Hello, I used the INFO() debug API in nccl to trace the ring/tree channels computed for 4 GPUS, each on a separate node. The INFO() I want to consult is within the sendSetup() and recvSetup() in transport/net.cc. I found that for ring channels, the ring builds well.
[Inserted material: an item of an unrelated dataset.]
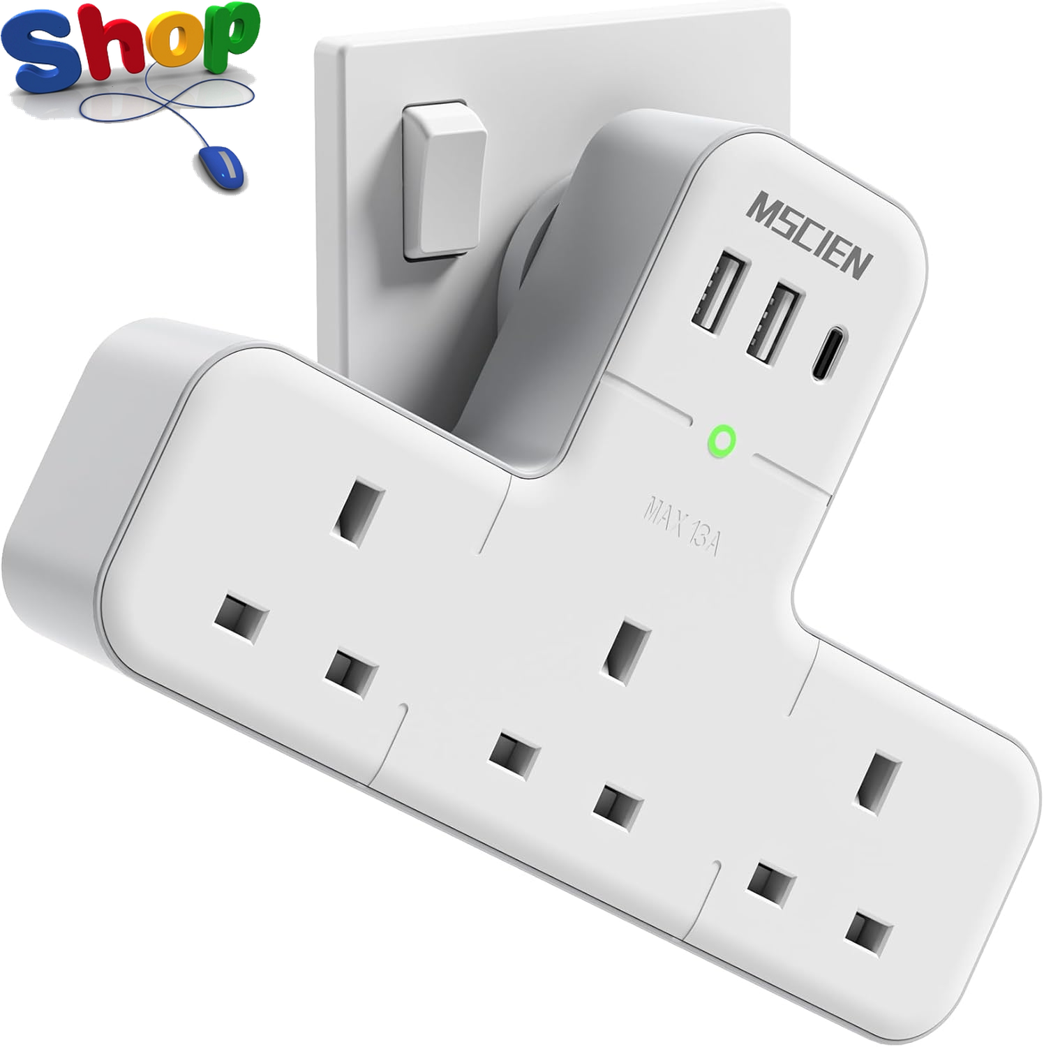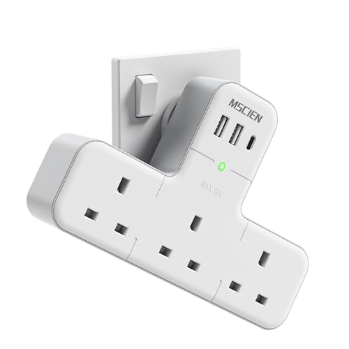 Mscien Multi Plug Adaptor, 6 in 1 Plug Extension Socket 3 Way 3 USB(3.4A,1 Type-C), Wall Socket UK Power Strip with 315 Degree Rotation, Plug Adapter Surge Protected Extender For Home Office

But for tree channels, the results builds as the following picture shows (The arrow points from sender to receiver from the INFO debug information I gathered), with no send from rank 1 to rank 2, rank 2 to rank 3 in tree channel 0, and no send from rank 0 to rank 1, rank 1 to rank 2 in tree channel 1. But for the double binary tree, I think all the ranks in the tree can send/recv from other ranks connected. Is my debug results normal or abnormal? Thanks a lot!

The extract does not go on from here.